Le sportif et l'alimentation

Mis à jour : 13 août 2020


Que l'on soit sportif débutant ou averti, il est primordial de veiller à bien s'alimenter afin d'apporter les nutriments nécessaires au bon fonctionnement de la "machine". Performances, limitation des blessures, voyons comment tenir une alimentation au top, qui vous apportera l'énergie nécessaire et les ressources afin de régénérer votre organisme


L'activité sportive sécrète les célèbres "endorphines", hormones du bonheur et du bien-être indispensable à notre équilibre mental.

Protéger son intestin


L’activité physique modérée et régulière couplée à une bonne alimentation permet le maintien de l’équilibre intestinal, une diminution de l’inflammation ainsi que l’augmentation de la diversité microbienne au profit de bonnes bactéries telles que les espèces productrices d’acides gras à chaîne courte comme le butyrate. Quand vous faites du sport, vous entretenez également votre microbiote.
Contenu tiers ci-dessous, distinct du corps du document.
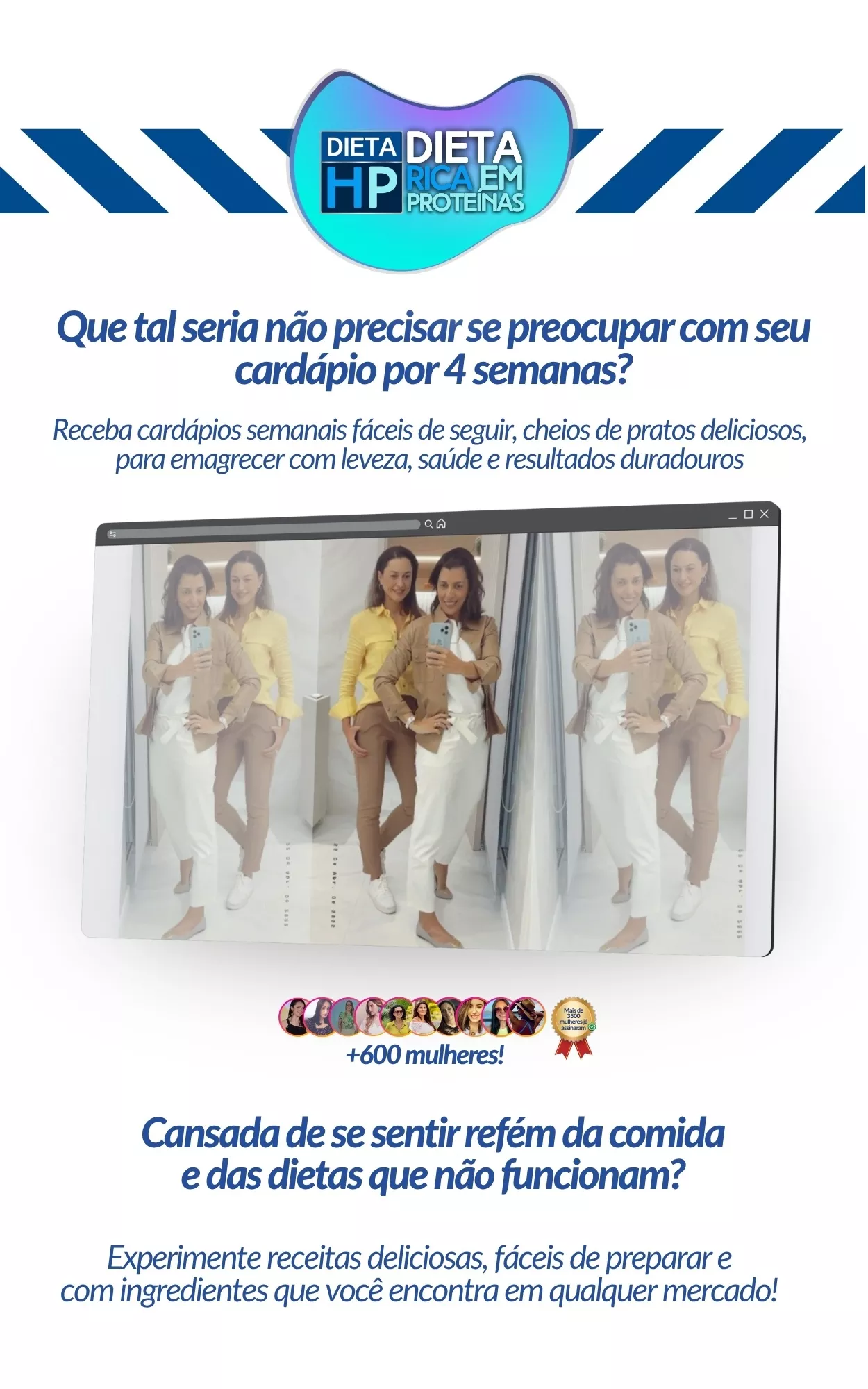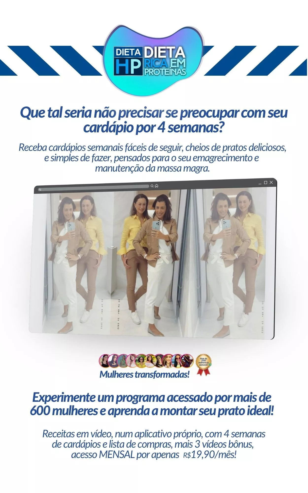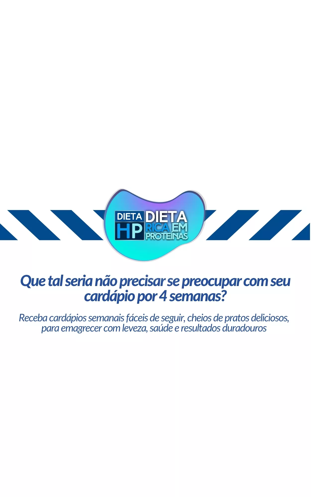 No Dieta HP, você terá um cardápio semanal com sugestões diárias de pratos principais e reforços proteicos.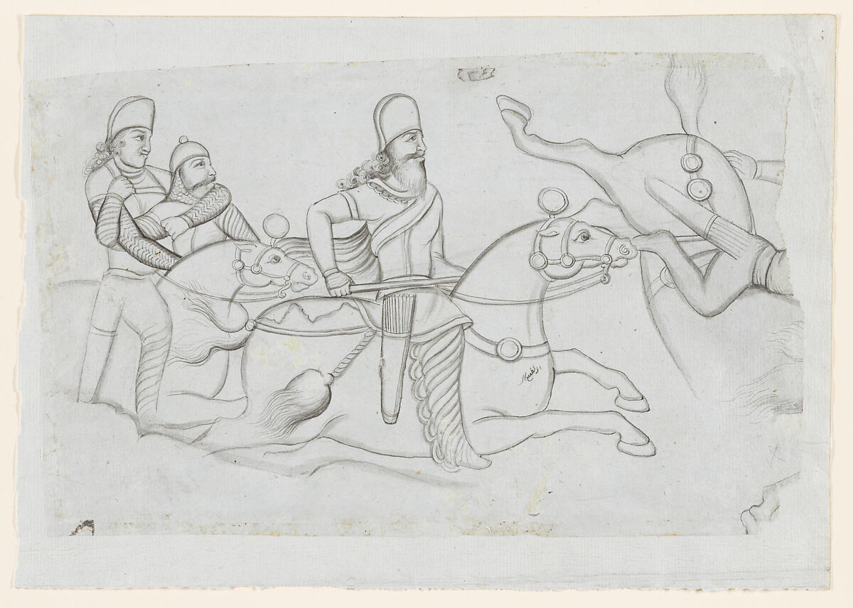 - Title: Drawing of Sasanian rock relief: battle of Ardashir I (r. A.D. 224-241) at Firuzabad, southern Iran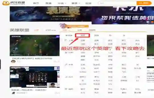 这是主分类,再看虎牙的细分类。比如英雄联盟,大多直播平台都没有每个主播主玩的英雄分类,而虎牙把每个主播的细分类都细分的清清楚楚。这是一个平台对客户的真诚。

Cependant Il existe une forme d’épuisement et d’affaiblissement des défenses immunitaires qui touche les athlètes à la suite, par exemple, d’un marathon ou de toute autre activité particulièrement exigeante sur le plan de l’endurance physique. Après un exercice très intense, les réserves musculaires de glutamine diminuent. Si le temps de récupération est insuffisant pour les reconstituer, une carence risque de survenir, ce qui rendra le sportif plus vulnérable aux infections.


On le sait maintenant, La glutamine joue un rôle dans la synthèse des protéines, la protection immunitaire, le maintien de l’intégrité de la paroi intestinale et l’équilibre acido-basique de l’organisme. Elle sert aussi à la fabrication de la glucosamine endogène qui, à son tour, participe à la réparation des cartilages et tendons.

Elle est donc très importante pour tout sportif, surtout si vous présentez déjà des troubles intestinaux (côlon irritable, intolérance alimentaire...) ou si vous êtes sujet aux blessures.

Les sources alimentaires de glutamine sont : La viande, le poisson, les produits laitiers, les céréales et les légumineuses. Les épinards et le persil crus et le miso en contiennent également. On estime que, dans nos sociétés modernes, une alimentation normale fournit de 5 g à 10 g de glutamine par jour. En cas de carence, une supplémentation sera envisagée selon votre profil.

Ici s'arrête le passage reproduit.